§ **Task objective**: What is needed is the full set of records, word for word, with no pictures.

[Data entries]

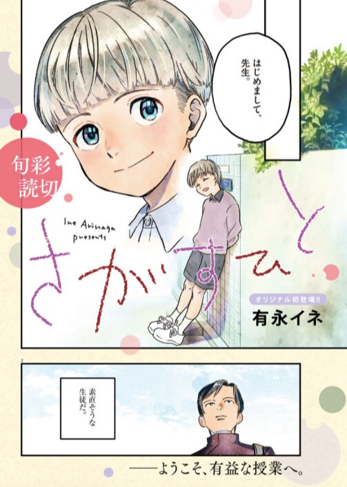 「さがすひと」は非現実的なものを嫌う生真面目な家庭教師と、彼の教え子である優秀な少年を軸とした物語。ファンタジーの本を読み聞かせしてほしいと少年にねだられた家庭教師は、「ファンタジーは“嘘”が書いてある」ということを理由に一度は断るが……。ビッグコミックオリジナルに初登場となる有永が、人々の心の交流を描いていく。
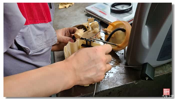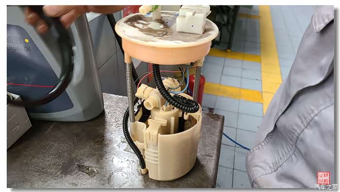 整个拿出汽油滤芯,值得注意的是两根波纹管千万不要拔出来,这个是一次性的,拔出来就不能装上去了,清洗滤芯和更换油泵都是不需要拆掉这两根波纹管的!
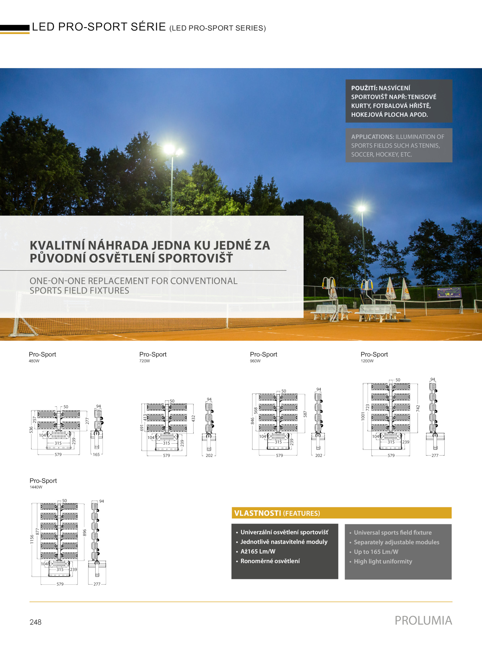 APPLICATIONS: ILLUMINATION OF SPORTS FIELDS SUCH TENNIS, SOCCER, HOCKEY, ETC.PROLUMIA 248 LED PRO-SPORT SÉRIE (LED PRO-SPORT SERIES) POUŽITÍ: NASVÍCENÍ SPORTOVIŠŤ NAPŘ: TENISOVÉ KURTY, FOTBALOVÁ HŘIŠTĚ, HOKEJOVÁ PLOCHA APOD. • Univerzální osvětlení sportovišť • Jednotlivě nastavitelné moduly • Až165 Lm/W • Ronoměrné osvětlení • Universal sports field fixture • Separately adjustable modules • 165 Lm/W • High light uniformity VLASTNOSTI (FEATURES) Pro-Sport 480W Pro-Sport 720W Pro-Sport 960W Pro-Sport 1200W Pro-Sport 1440W 165 94 50 579 239 315 104 277 536 257 202 94 50 579 239 315 104 432 691 413 94 202 50 579 239 315 104 587 846 568 94 277 50 579 239 315 104 742 1001 723 896 50 94 277 579 239 315 104 1156 877 KVALITNÍ NÁHRADA JEDNA JEDNÉ ZA PŮVODNÍ OSVĚTLENÍ SPORTOVIŠŤ ONE-ON-ONE REPLACEMENT FOR CONVENTIONAL SPORTS FIELD FIXTURES
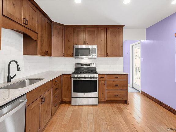 Tucked away on a quiet, tree-lined street in University Hills, this beautifully updated home offers a perfect blend of charm and modern convenience. Inside, large windows flood the living space with natural light, highlighting the rich hardwood floors and elegant crown molding. Updated light fixtures add a stylish touch, creating a warm and welcoming atmosphere. The spacious, renovated kitchen is a true showpiece, featuring custom cabinetry, sleek granite countertops, a classic subway tile backsplash, and high-end stainless steel appliances. Just off the kitchen, the dining area provides a seamless space for both casual meals and formal gatherings. A bright and airy sunroom overlooks the impeccably maintained backyard, offering a versatile space that can serve as a home office, creative studio, or additional living area. Down the hall, three comfortable bedrooms—including a generous primary suite with ample closet space—share a beautifully updated full bathroom. The well-planned laundry room adds convenience with extra storage cabinets and a utility sink. The attached one-car garage is designed for efficiency, featuring built-in storage solutions and a newly installed Level 2/220-volt EV charger. Energy efficiency is a key highlight, with upgraded insulation and solar panels working together to keep utility costs low year-round. Step outside to a private backyard retreat, perfect for relaxation or entertaining. The fully fenced yard offers ample space for gardening, outdoor games, or weekend barbecues. A storage shed keeps tools and gear organized, while the large patio is an ideal spot for hosting friends and family. Enjoy the convenience of nearby shopping, dining, and grocery stores just a short walk, bike ride, or drive away. With easy access to parks, the Harvard Gulch Trail, light rail, I-25, and Colorado Boulevard, this home offers an unbeatable location with everything at your fingertips.
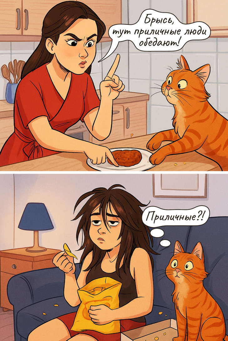 Так смотрит, будто что-то хочет сказать. Пожалуй, практически любой хозяин хоть однажды видел это выражение на мордочке своего пушистика. А и правда, о чем бы могли поговорить с нами домашние животные? Однажды мы крепко задумались над этим, а потом нарисовали целую подборку шуточных комиксов об упрямых котах, возмущенных рыбках и собаках с тонкой душевной организацией.
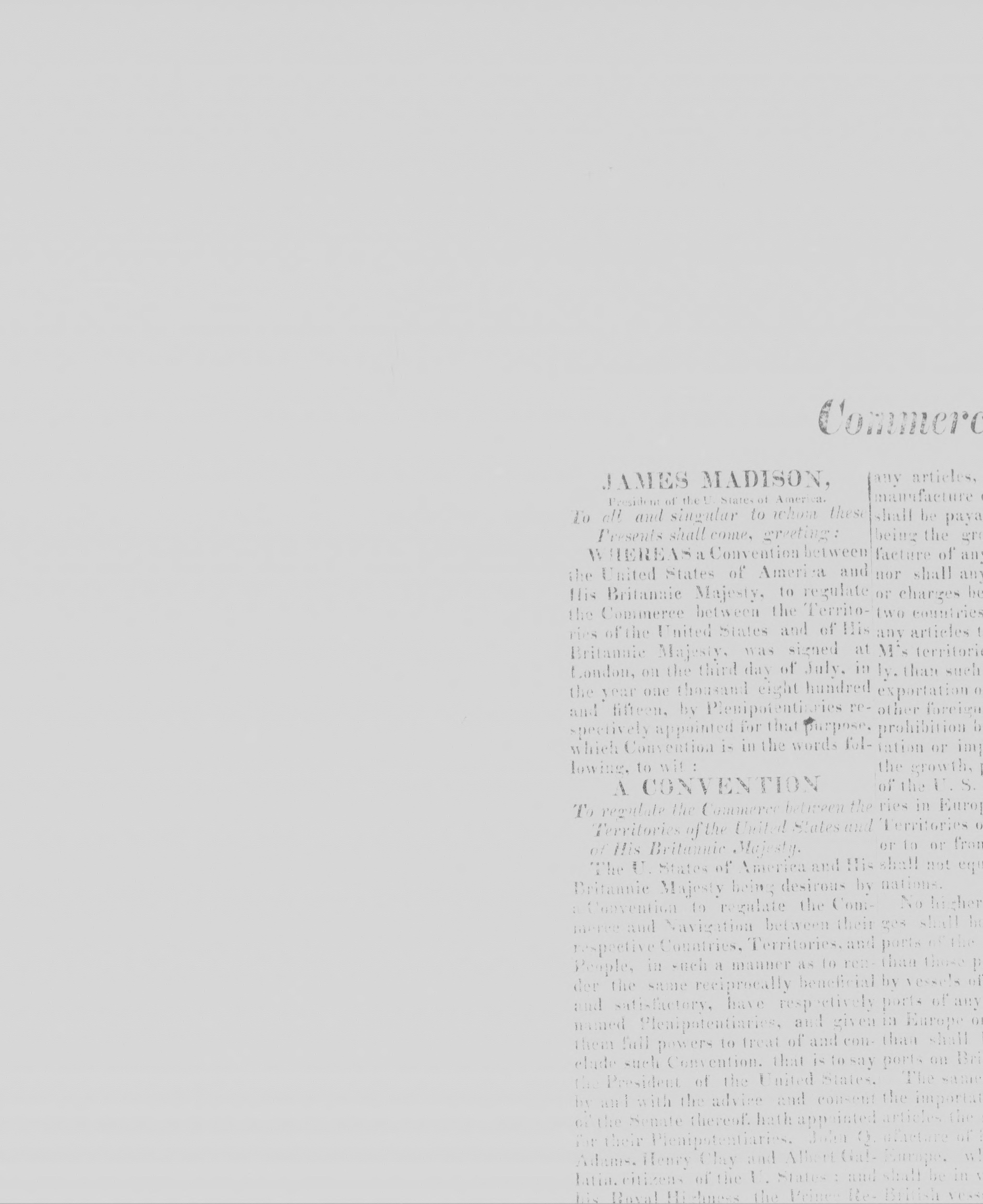 - Commercial treaty with England : James Madison, President of the U. States of America, to all and singular to whom these presents shall come ..
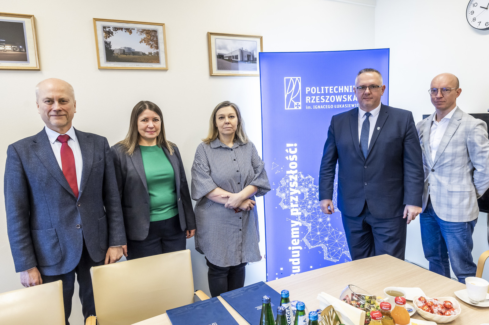 3 lutego 2025 r. Politechnika Rzeszowska podpisała umowę o współpracy z gminą Sokołów Małopolski. Sygnatariuszami listu intencyjnego byli prorektor ds. rozwoju i współpracy z otoczeniem prof. dr hab. inż. Jarosław Sęp oraz burmistrz gminy i miasta Sokołów Małopolski Andrzej Kraska. W spotkaniu uczestniczyli również dr inż. arch. Anna Sikora, prof. PRz, kierownik Katedry Urbanistyki i Architektury, dr inż. Wanda Kokoszka i przedstawiciel gminy Łukasz Bis.

§ **Expected output**:
 「さがすひと」は非現実的なものを嫌う生真面目な家庭教師と、彼の教え子である優秀な少年を軸とした物語。ファンタジーの本を読み聞かせしてほしいと少年にねだられた家庭教師は、「ファンタジーは“嘘”が書いてある」ということを理由に一度は断るが……。ビッグコミックオリジナルに初登場となる有永が、人々の心の交流を描いていく。
 整个拿出汽油滤芯,值得注意的是两根波纹管千万不要拔出来,这个是一次性的,拔出来就不能装上去了,清洗滤芯和更换油泵都是不需要拆掉这两根波纹管的!
 APPLICATIONS: ILLUMINATION OF SPORTS FIELDS SUCH TENNIS, SOCCER, HOCKEY, ETC.PROLUMIA 248 LED PRO-SPORT SÉRIE (LED PRO-SPORT SERIES) POUŽITÍ: NASVÍCENÍ SPORTOVIŠŤ NAPŘ: TENISOVÉ KURTY, FOTBALOVÁ HŘIŠTĚ, HOKEJOVÁ PLOCHA APOD. • Univerzální osvětlení sportovišť • Jednotlivě nastavitelné moduly • Až165 Lm/W • Ronoměrné osvětlení • Universal sports field fixture • Separately adjustable modules • 165 Lm/W • High light uniformity VLASTNOSTI (FEATURES) Pro-Sport 480W Pro-Sport 720W Pro-Sport 960W Pro-Sport 1200W Pro-Sport 1440W 165 94 50 579 239 315 104 277 536 257 202 94 50 579 239 315 104 432 691 413 94 202 50 579 239 315 104 587 846 568 94 277 50 579 239 315 104 742 1001 723 896 50 94 277 579 239 315 104 1156 877 KVALITNÍ NÁHRADA JEDNA JEDNÉ ZA PŮVODNÍ OSVĚTLENÍ SPORTOVIŠŤ ONE-ON-ONE REPLACEMENT FOR CONVENTIONAL SPORTS FIELD FIXTURES
 Tucked away on a quiet, tree-lined street in University Hills, this beautifully updated home offers a perfect blend of charm and modern convenience. Inside, large windows flood the living space with natural light, highlighting the rich hardwood floors and elegant crown molding. Updated light fixtures add a stylish touch, creating a warm and welcoming atmosphere. The spacious, renovated kitchen is a true showpiece, featuring custom cabinetry, sleek granite countertops, a classic subway tile backsplash, and high-end stainless steel appliances. Just off the kitchen, the dining area provides a seamless space for both casual meals and formal gatherings. A bright and airy sunroom overlooks the impeccably maintained backyard, offering a versatile space that can serve as a home office, creative studio, or additional living area. Down the hall, three comfortable bedrooms—including a generous primary suite with ample closet space—share a beautifully updated full bathroom. The well-planned laundry room adds convenience with extra storage cabinets and a utility sink. The attached one-car garage is designed for efficiency, featuring built-in storage solutions and a newly installed Level 2/220-volt EV charger. Energy efficiency is a key highlight, with upgraded insulation and solar panels working together to keep utility costs low year-round. Step outside to a private backyard retreat, perfect for relaxation or entertaining. The fully fenced yard offers ample space for gardening, outdoor games, or weekend barbecues. A storage shed keeps tools and gear organized, while the large patio is an ideal spot for hosting friends and family. Enjoy the convenience of nearby shopping, dining, and grocery stores just a short walk, bike ride, or drive away. With easy access to parks, the Harvard Gulch Trail, light rail, I-25, and Colorado Boulevard, this home offers an unbeatable location with everything at your fingertips.
 Так смотрит, будто что-то хочет сказать. Пожалуй, практически любой хозяин хоть однажды видел это выражение на мордочке своего пушистика. А и правда, о чем бы могли поговорить с нами домашние животные? Однажды мы крепко задумались над этим, а потом нарисовали целую подборку шуточных комиксов об упрямых котах, возмущенных рыбках и собаках с тонкой душевной организацией.
 - Commercial treaty with England : James Madison, President of the U. States of America, to all and singular to whom these presents shall come ..
 3 lutego 2025 r. Politechnika Rzeszowska podpisała umowę o współpracy z gminą Sokołów Małopolski. Sygnatariuszami listu intencyjnego byli prorektor ds. rozwoju i współpracy z otoczeniem prof. dr hab. inż. Jarosław Sęp oraz burmistrz gminy i miasta Sokołów Małopolski Andrzej Kraska. W spotkaniu uczestniczyli również dr inż. arch. Anna Sikora, prof. PRz, kierownik Katedry Urbanistyki i Architektury, dr inż. Wanda Kokoszka i przedstawiciel gminy Łukasz Bis.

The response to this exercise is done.